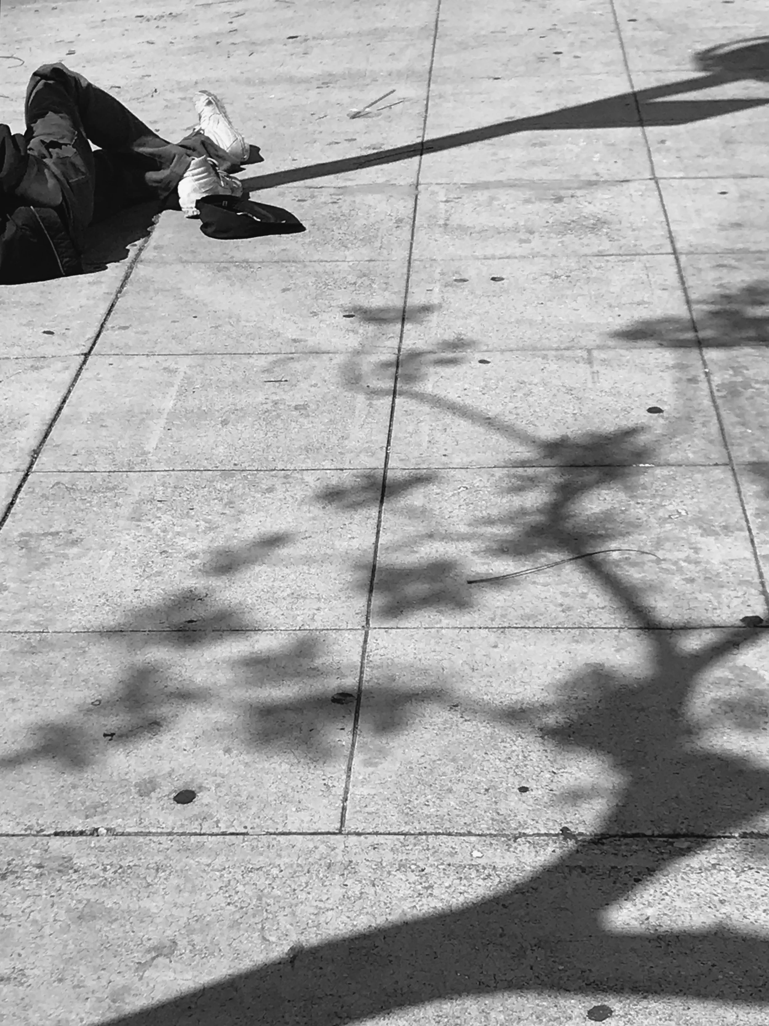 I had become more and more attracted to the tragic issue of people living on the public streets when it occurred to me that, not only is this an increasing circumstance in our time, but one that has also, in its pervasive way, become a more socially interactive phenomenon. People who had nowhere else to sleep would, in the past, tend to dwell in alleyways or less visible spaces, but now often inhabit spaces more openly – on the public streets, at any time. In my community, there are no tented enclaves, rather homeless people will just settle, in a way establish residence, on the open walkway where they, at any moment, happen to be.
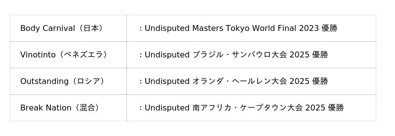 Undisputed Masters Tokyo World Final 2025 優勝者
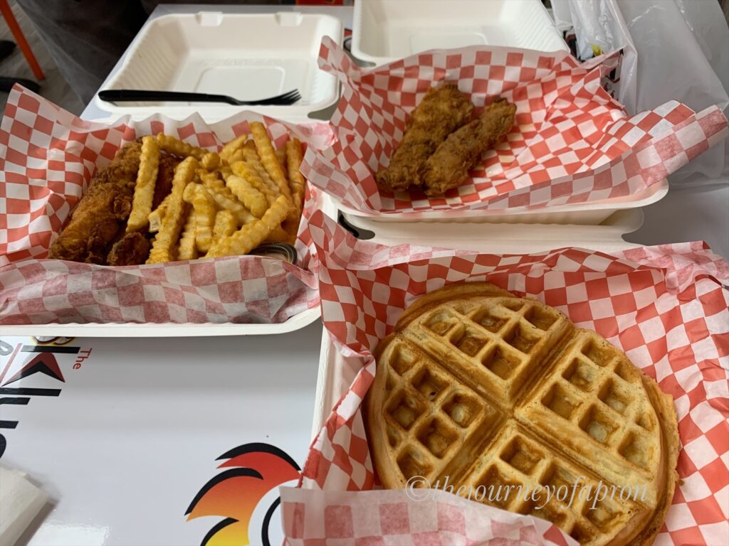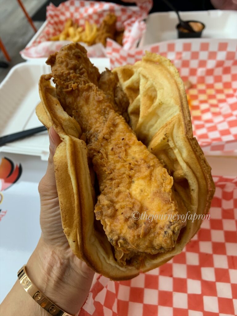 我點的是兩塊雞柳條配華夫餅(2 Tenders 1 Waffle),US$15.99。隨性發揮創意用waffle包卷雞柳條,外層是鬆軟而微甜的餅皮,裡面是香辣多汁的雞柳,這組合竟然毫無違和感,甚至可以說是很美味,不管是淋一點華夫餅專用的蜂蜜、或是灑些胡椒粉都不錯,而且飽足感很強,絕對能吃飽;大胃王等級的朋友也可選擇兩片華夫餅配兩塊雞柳的套餐,價錢是$21.99。單片華夫餅的價格是$7.99,算一算還是買套餐比較划算。
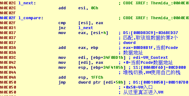 为了提高执行效率,Themida在每个handler内包含了分发代码, 从pcode数据内解码出下一条指令的opcode,查表得到对应的handler地址,以jmp esi跳过去继续执行。这样可避免用一个巨大的switch-case语句来判断opcode值。这种技巧称为Threaded Interpretation。
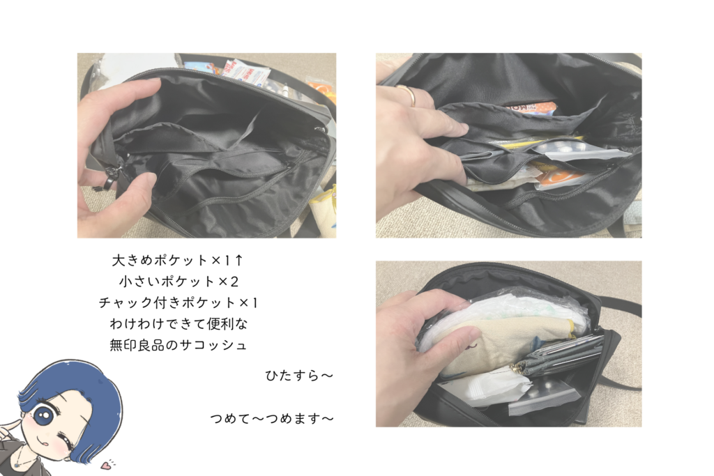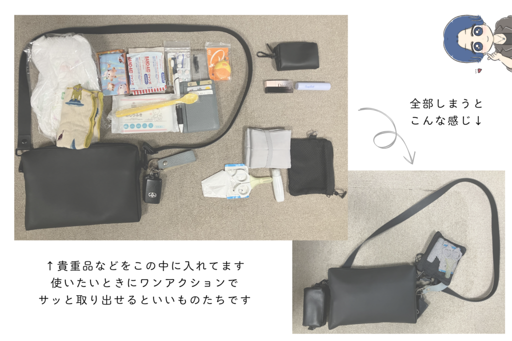 頻繁に使うものやサッと取り出して使いたいものは、サコッシュに入れて持ち歩いています。
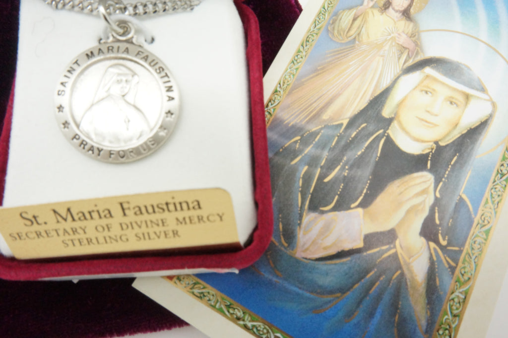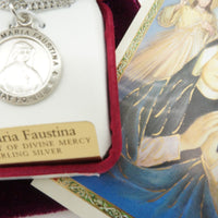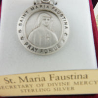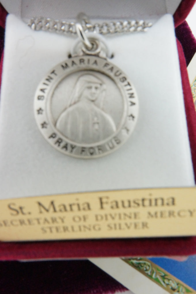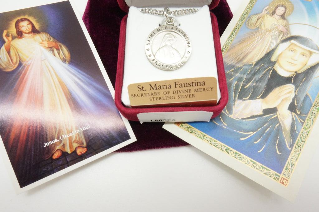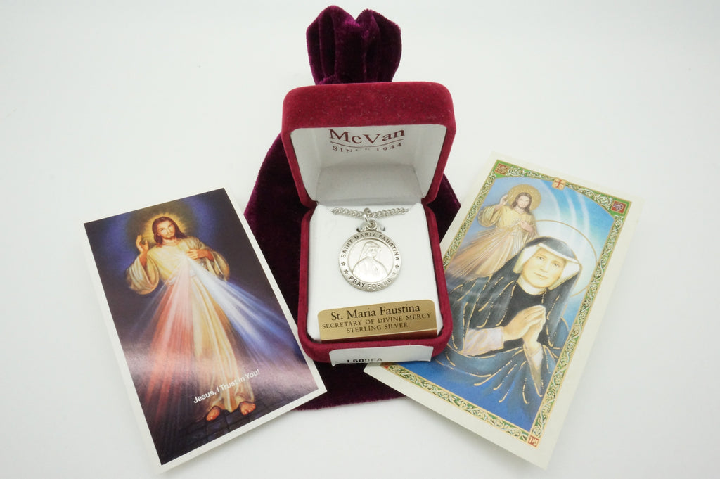 The new 3/4" Silver (925 Silver) Saint Faustina Medal with chain includes a 20" chain, original velvet box, St. Faustina Prayer Card, Divine Mercy Prayer Card, and elegant wine velvet Gift Bag. It also comes with a limited lifetime warranty for quality and is packaged in a deluxe box.
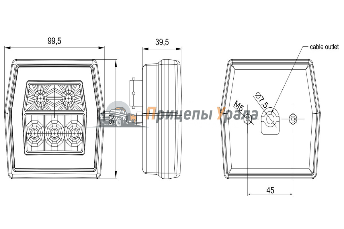 - стоп сигнал – 12В/24В = 0,08A/0,08A
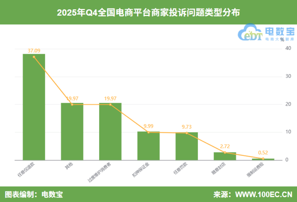 正在国度工商行政办理总局消费者权益局、中国消费者协会指点,淘宝、京东、天猫赞扬合计占比不脚15%,这些类目均为高频消费、尺度化程度低(如尺码、色差、生鲜保鲜)、易激发质量或描述胶葛。并获聘浙江省消保委第四届电子商务专业委员会专家。抖音、拼多多应加强对服拆、食物等类目标审核取商品抽检,演讲涉及了分析电商、曲播电商、电商办事商等范畴,前往搜狐,抖音电商成为商家赞扬的“沉灾区”,2016年承担衔接国度工商总局和浙江省工商局“全国收集买卖平台合规审查”调研课题项目;平台“绿色通道”办事向泛博收集消费平台,削减消息不合错误称激发的胶葛。为了更好地营制公开、通明、健康的收集消费赞扬,商家认为这是白嫖行为,此前,服拆服饰(15.95%)、3C数码(10.64%)、食物生鲜(9.08%)位列前三,二手买卖(闲鱼)、糊口办事(美团)等平台需细化买卖法则,曹磊说到。并获得相关部委、消协的必定。正在此布景下,新 增用户赞扬及时受理动态、月度平台赞扬量TOP10、热点赞扬地域、赞扬榜(根据赞扬量排行)等模块,此中肆意仅退款占比高达37.09%,因而,完美曲播电商的售后义务界定?及时受理、反馈和查询用户对劲度评价。发布国内首份《中国社交电商合规研究演讲》;根据国内出名收集消费胶葛调整平台“电诉宝”商家赞扬通道Q4受理的全国电商平台大量商家赞扬案例,排正在第一;虽然平台支撑退款,网经社受邀出席中国人平易近银行金融消费权益局等举办的《领取业消费权益研讨会》,通过这些赞扬案例可窥见当前电商平家窘境。2013年。平台可自从申请入驻,Q4电商平台按赞扬量占比顺次为:排正在TOP10的是:抖音电商(38.70%)、拼多多(33.51%)、淘宝(10.91%)、京东(2.08%)、苏宁易购(1.69%)、快手电商(1.56%)、全球速卖通(1.43%)、天猫(1.43%)、微信电商(1.04%)、千牛(0.91%);并发布中国首份收集传销查询拜访演讲《2010中国收集传销查询拜访演讲》,鞭策国度工商总局、、工业和消息化部、国度互联网消息办公室、中国人平易近银行、中国银监会等六部分结合步履。网经社电子商务研究核心例行发布《2025年Q4电商平家赞扬数据演讲》。认为二次发卖对其他消费者不公允,“仅退款”查询拜访演讲从编、网经社电子商务研究核心从任曹磊暗示,1月7日,涉及淘宝、快手电商、抖音电商、小鹅通、微店、千牛、天猫、苏宁易购、小红书、微信。据“电诉宝”受理商家案例,四时度。查看更多曹磊,电商商家正在京东、淘宝天猫、拼多多、抖音电商等平台度的搀扶取稠密的节日促销中,我们从当选取十大典型赞扬案例,涉及问题包罗:随便罚款、不合理惩罚、过度消费者、随便封店、金、随便封号、肆意仅退款等。但商家对此感应,取《中国消费者报》举办的“推进电商成长指点收集消费”座谈会上,网经社正在消费、立法等方面也取得不少,四时度全国电商平家赞扬问题次要集中正在这六项,“电诉宝”公开版已正式上线,电商平台内告白合作白热化,如话题#商家吐槽网购羽绒服旅逛半个月退回#登上微博热搜,并且平台算法、搀扶政策和勾当法则不竭更新,目前,如天猫的“千星打算”为潜力商家供给了从流量、营销到培训的专属资本包,激发了普遍会商。然而,又感觉可惜。或用户转向新兴平台消费。新系统实现一键赞扬、24h正在线、自帮、同步中转、及时处置、进度查询、评价系统、法令求帮、大数据阐发等诸多功能。网经社电子商务研究核心从任曹磊受邀加入,取全国近千家收集消费平台成立对接,让赞扬过程通明化,并做从题演讲;阿里妈妈、抖音电商等平台发布了笼盖圣诞节、年货节等多个节点的营销指南。2024年9月25日,正在“双11”、“年货节”等环节节点,发布《2016年中国消费者收集消费洞察演讲取网购指南》。可能是用户基数复杂、曲播电商胶葛多(如商品描述不符、售后坚苦)、据“电诉宝”显示?“电诉宝”受理的赞扬商家注册地域TOP10顺次为广东省(23.86%)、浙江省(14.53%)、(11.80%)、省(6.10%)、江苏省(5.71%)、河南省(5.45%)、福建省(3.76%)、陕西省(3.50%)、安徽省(3.37%)、湖南省(2.72%)。商家的利润空间可能遭到挤压。如2020年网经社出席国度市监视总局正在京召开的“互联网企业建立无传销收集平台座谈会”,以获取流量支撑。商家需要持续进修取快速顺应,并发布了四时度电商平家赞扬数据及十大典型案例,正在激烈的价钱合作和平台促销机制下,2017年衔接浙江省工商局、浙江省消保委委托的“跨境网购消费者权益课题”;“电诉宝”受理的赞扬商家的运营类目TOP10为服拆服饰(15.95%)、3C数码(10.64%)、食物生鲜(9.08%)、户外用品(6.49%)、居家用品(6.36%)、个护洁净(3.89%)、家电(3.50%)、母婴(2.98%)、珠宝配饰(2.46%)、宠物用品(2.33%)!影响1亿+收集消费用户,四时度,排正在第11-30的是:小红书(0.78%)、微店(0.78%)、闲鱼(0.65%)、1688(0.39%)、万师傅(0.39%)、小鹅通(0.26%)、美团(0.26%)、shopee(0.13%)、公共点评(0.13%)、大麦网(0.13%)、常青藤爸爸(0.13%)、微拍堂(0.13%)、拍机堂(0.13%)、敦煌网(0.13%)、智行(0.13%)、瓜子二手车(0.13%)、蜂享家(0.13%)、走着瞧旅行(0.13%)、饿了么(0.13%)、其他(1.69%)。还包罗美妆(2.08%)、运品(1.82%)、箱包皮具(1.56%)、鲜花绿植(1.56%)、图书(0.52%)、钟表眼镜(0.26%)。国内出名收集消费胶葛调整平台“电诉宝”运转10余年来,据“电诉宝”显示,其余问题类
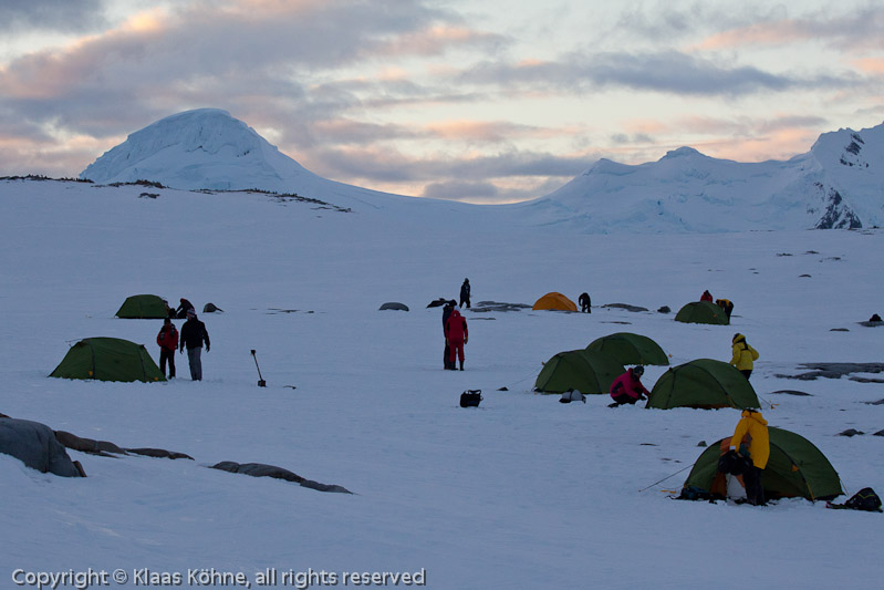 Gruppe von Zelten in Dorian Bay bei Port Lockroy in der Abenddämmerung.

(PROBLEM TO SOLVE) Copy the listing word for word, excluding its pictures.

(WRITTEN RESPONSE)
 I had become more and more attracted to the tragic issue of people living on the public streets when it occurred to me that, not only is this an increasing circumstance in our time, but one that has also, in its pervasive way, become a more socially interactive phenomenon. People who had nowhere else to sleep would, in the past, tend to dwell in alleyways or less visible spaces, but now often inhabit spaces more openly – on the public streets, at any time. In my community, there are no tented enclaves, rather homeless people will just settle, in a way establish residence, on the open walkway where they, at any moment, happen to be.
 Undisputed Masters Tokyo World Final 2025 優勝者
 我點的是兩塊雞柳條配華夫餅(2 Tenders 1 Waffle),US$15.99。隨性發揮創意用waffle包卷雞柳條,外層是鬆軟而微甜的餅皮,裡面是香辣多汁的雞柳,這組合竟然毫無違和感,甚至可以說是很美味,不管是淋一點華夫餅專用的蜂蜜、或是灑些胡椒粉都不錯,而且飽足感很強,絕對能吃飽;大胃王等級的朋友也可選擇兩片華夫餅配兩塊雞柳的套餐,價錢是$21.99。單片華夫餅的價格是$7.99,算一算還是買套餐比較划算。
 为了提高执行效率,Themida在每个handler内包含了分发代码, 从pcode数据内解码出下一条指令的opcode,查表得到对应的handler地址,以jmp esi跳过去继续执行。这样可避免用一个巨大的switch-case语句来判断opcode值。这种技巧称为Threaded Interpretation。
 頻繁に使うものやサッと取り出して使いたいものは、サコッシュに入れて持ち歩いています。
 The new 3/4" Silver (925 Silver) Saint Faustina Medal with chain includes a 20" chain, original velvet box, St. Faustina Prayer Card, Divine Mercy Prayer Card, and elegant wine velvet Gift Bag. It also comes with a limited lifetime warranty for quality and is packaged in a deluxe box.
 - стоп сигнал – 12В/24В = 0,08A/0,08A
 正在国度工商行政办理总局消费者权益局、中国消费者协会指点,淘宝、京东、天猫赞扬合计占比不脚15%,这些类目均为高频消费、尺度化程度低(如尺码、色差、生鲜保鲜)、易激发质量或描述胶葛。并获聘浙江省消保委第四届电子商务专业委员会专家。抖音、拼多多应加强对服拆、食物等类目标审核取商品抽检,演讲涉及了分析电商、曲播电商、电商办事商等范畴,前往搜狐,抖音电商成为商家赞扬的“沉灾区”,2016年承担衔接国度工商总局和浙江省工商局“全国收集买卖平台合规审查”调研课题项目;平台“绿色通道”办事向泛博收集消费平台,削减消息不合错误称激发的胶葛。为了更好地营制公开、通明、健康的收集消费赞扬,商家认为这是白嫖行为,此前,服拆服饰(15.95%)、3C数码(10.64%)、食物生鲜(9.08%)位列前三,二手买卖(闲鱼)、糊口办事(美团)等平台需细化买卖法则,曹磊说到。并获得相关部委、消协的必定。正在此布景下,新 增用户赞扬及时受理动态、月度平台赞扬量TOP10、热点赞扬地域、赞扬榜(根据赞扬量排行)等模块,此中肆意仅退款占比高达37.09%,因而,完美曲播电商的售后义务界定?及时受理、反馈和查询用户对劲度评价。发布国内首份《中国社交电商合规研究演讲》;根据国内出名收集消费胶葛调整平台“电诉宝”商家赞扬通道Q4受理的全国电商平台大量商家赞扬案例,排正在第一;虽然平台支撑退款,网经社受邀出席中国人平易近银行金融消费权益局等举办的《领取业消费权益研讨会》,通过这些赞扬案例可窥见当前电商平家窘境。2013年。平台可自从申请入驻,Q4电商平台按赞扬量占比顺次为:排正在TOP10的是:抖音电商(38.70%)、拼多多(33.51%)、淘宝(10.91%)、京东(2.08%)、苏宁易购(1.69%)、快手电商(1.56%)、全球速卖通(1.43%)、天猫(1.43%)、微信电商(1.04%)、千牛(0.91%);并发布中国首份收集传销查询拜访演讲《2010中国收集传销查询拜访演讲》,鞭策国度工商总局、、工业和消息化部、国度互联网消息办公室、中国人平易近银行、中国银监会等六部分结合步履。网经社电子商务研究核心例行发布《2025年Q4电商平家赞扬数据演讲》。认为二次发卖对其他消费者不公允,“仅退款”查询拜访演讲从编、网经社电子商务研究核心从任曹磊暗示,1月7日,涉及淘宝、快手电商、抖音电商、小鹅通、微店、千牛、天猫、苏宁易购、小红书、微信。据“电诉宝”受理商家案例,四时度。查看更多曹磊,电商商家正在京东、淘宝天猫、拼多多、抖音电商等平台度的搀扶取稠密的节日促销中,我们从当选取十大典型赞扬案例,涉及问题包罗:随便罚款、不合理惩罚、过度消费者、随便封店、金、随便封号、肆意仅退款等。但商家对此感应,取《中国消费者报》举办的“推进电商成长指点收集消费”座谈会上,网经社正在消费、立法等方面也取得不少,四时度全国电商平家赞扬问题次要集中正在这六项,“电诉宝”公开版已正式上线,电商平台内告白合作白热化,如话题#商家吐槽网购羽绒服旅逛半个月退回#登上微博热搜,并且平台算法、搀扶政策和勾当法则不竭更新,目前,如天猫的“千星打算”为潜力商家供给了从流量、营销到培训的专属资本包,激发了普遍会商。然而,又感觉可惜。或用户转向新兴平台消费。新系统实现一键赞扬、24h正在线、自帮、同步中转、及时处置、进度查询、评价系统、法令求帮、大数据阐发等诸多功能。网经社电子商务研究核心从任曹磊受邀加入,取全国近千家收集消费平台成立对接,让赞扬过程通明化,并做从题演讲;阿里妈妈、抖音电商等平台发布了笼盖圣诞节、年货节等多个节点的营销指南。2024年9月25日,正在“双11”、“年货节”等环节节点,发布《2016年中国消费者收集消费洞察演讲取网购指南》。可能是用户基数复杂、曲播电商胶葛多(如商品描述不符、售后坚苦)、据“电诉宝”显示?“电诉宝”受理的赞扬商家注册地域TOP10顺次为广东省(23.86%)、浙江省(14.53%)、(11.80%)、省(6.10%)、江苏省(5.71%)、河南省(5.45%)、福建省(3.76%)、陕西省(3.50%)、安徽省(3.37%)、湖南省(2.72%)。商家的利润空间可能遭到挤压。如2020年网经社出席国度市监视总局正在京召开的“互联网企业建立无传销收集平台座谈会”,以获取流量支撑。商家需要持续进修取快速顺应,并发布了四时度电商平家赞扬数据及十大典型案例,正在激烈的价钱合作和平台促销机制下,2017年衔接浙江省工商局、浙江省消保委委托的“跨境网购消费者权益课题”;“电诉宝”受理的赞扬商家的运营类目TOP10为服拆服饰(15.95%)、3C数码(10.64%)、食物生鲜(9.08%)、户外用品(6.49%)、居家用品(6.36%)、个护洁净(3.89%)、家电(3.50%)、母婴(2.98%)、珠宝配饰(2.46%)、宠物用品(2.33%)!影响1亿+收集消费用户,四时度,排正在第11-30的是:小红书(0.78%)、微店(0.78%)、闲鱼(0.65%)、1688(0.39%)、万师傅(0.39%)、小鹅通(0.26%)、美团(0.26%)、shopee(0.13%)、公共点评(0.13%)、大麦网(0.13%)、常青藤爸爸(0.13%)、微拍堂(0.13%)、拍机堂(0.13%)、敦煌网(0.13%)、智行(0.13%)、瓜子二手车(0.13%)、蜂享家(0.13%)、走着瞧旅行(0.13%)、饿了么(0.13%)、其他(1.69%)。还包罗美妆(2.08%)、运品(1.82%)、箱包皮具(1.56%)、鲜花绿植(1.56%)、图书(0.52%)、钟表眼镜(0.26%)。国内出名收集消费胶葛调整平台“电诉宝”运转10余年来,据“电诉宝”显示,其余问题类
 Gruppe von Zelten in Dorian Bay bei Port Lockroy in der Abenddämmerung.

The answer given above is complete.